Marly interrupted. It wasn't because she wasn't interested in that bumblebee, but Joe had to know about taking care of Mr. Chris if he didn't know it already. "Joe, you and Chris were supposed to go into town that day in the car."

He stood up suddenly and turned to her. "I guess you'll go right and tell!" he said. "Just like a girl, can't keep anything to herself! Sure we went to town. We talked with that man in the restaurant, see. He buys all his syrup from Mr. Chris and says it's the best syrup in the world. He buys all his apple juice from Mr. Chris, too. And he says he used to buy chestnuts—but that's been years and years. After, Mr. Chris and I came up here, and he showed me those old chestnut snags—see, along there? There used to be so many you could get a half bushel of chestnuts in an hour."

"Joe, Mr. Chris didn't walk clear up here,
did
he?" Marly asked. "You shouldn't
ever
let him, Chrissie said. She told me we've got to help, because when he gets interested in showing people things, he just forgets."

"Okay, okay. We walked real slow. And he told me how this country used to look. Lots more forest than now. Between diseases like the one that killed all the chestnuts, and then people timbering their land, he says almost all the virgin forest is gone now."

Marly stood still. As if what Joe said had started the sound, she suddenly began to hear the whine of a saw. From Mr. Chris's place? "Joe, Mr. Chris isn't cutting down trees, is he? Just for money? He told me he never would."

"Of course he's not." He looked disgusted that she should even ask. "But I want to watch them cutting that tree. It's an old maple," he said.

As they walked, the whining of the saw grew louder and louder until it seemed to make huge circles of sound through the woods. They made a big circle and came finally to the sugarbush.

Mr. Chris was there with Fritz and a strange man with an electric saw. The old tree at which the saw was working was dead except one great branch that stood green among the masses of brown boughs.

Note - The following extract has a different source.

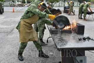 REYNOSA, TAMAULIPAS, 15OCTUBRE2018.- La Secretaría de la Defensa Nacional a través de la Comandancia de la IV Región Militar, informa que esta fecha se llevó a cabo en la explanada del 19/o. Regimiento de Caballería Motorizado de esta ciudad, la “Ceremonia masiva de destrucción de armamento”. El evento fue presidido por el C. General de División Diplomado de Estado Mayor Luis Crescencio Sandoval González, Comandante de la IV Región Militar, los acompaño el gobernador de la entidad Francisco García Cabeza de Vaca y la presidenta municipal de Reynosa, Maki Esther Ortiz. En la ceremonia se realizó la destrucción de 1,033 armas cortas y 2,198 armas largas, sumando un total de 3,231 aseguradas en los diversos mandos territoriales pertenecientes a la IV Región Militar. FOTO: SEDENA /CUARTOSCURO.COM
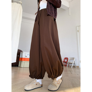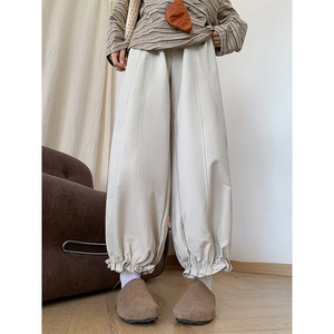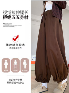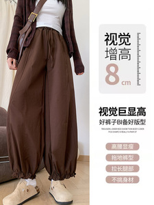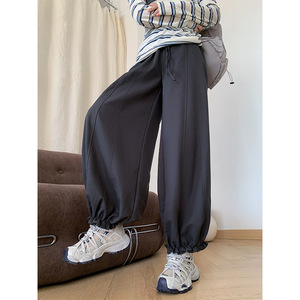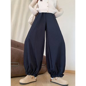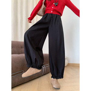 白灰色花苞阔腿裤女2025春秋新款高腰显瘦宽松木耳边九分阔腿裤

It was over a yard thick and was giving the saw a very hard time of it.

Mr. Chris waved to Marly and Joe as they came. When he talked, he had to shout over the ugly whining of the saw. "A grand old tree," he said. "A good sugar tree, for years and years. I've tapped it every season until this last one, for at least thirty years. We used to boil the sap right over there-had a long oven and one big pan. You can even see the old stones where the oven was."

Joe and Marly stood watching. They didn't try to talk, and Mr. Chris didn't say any more, either, for a while. The saw's humming was almost a scream as it got near the center of the trunk. Mr. Chris leaned close to Marly's ear. "When she falls, we'll count the rings and see just how old she is," he said.

A red squirrel began scolding from another tree. Mr. Chris looked up and shook his fist, laughing. "It's all right, old fellow," he called. "We're leaving you your butternut tree. But this old maple is going to come home with us and keep us warm this winter."

The squirrel sat looking at him, its paws folded in front as if it might be saying its prayers. Then the great maple began to crack and groan, and the squirrel turned and vanished into a hole. Fritz shouted, "Watch out! She's coming down!"

Like a giant, the great tree fell. Its immense dead limbs struck the ground first and broke, crashing, and it sagged and roared and seemed to fight with the air. For a minute it lay trembling all over. Then it was still.

Marly wanted to cry. But Joe laughed and yelled, "Hurrah! Boy, oh boy!" and before the tree had really settled down, he was into the branches. And then he was counting the rings. That tree had been growing for over a hundred years.

It was dusk as they started for home. Now that the saw had ceased to whine, the silence seemed immense and wonderful. They could hear the rustling of the trees that still stood up straight into the air.

Suddenly, just as they came to the hummocky place, Joe clutched Marly's arm. And then, without warning, he laid his hand hard across her mouth, whispering, "Sssssh!"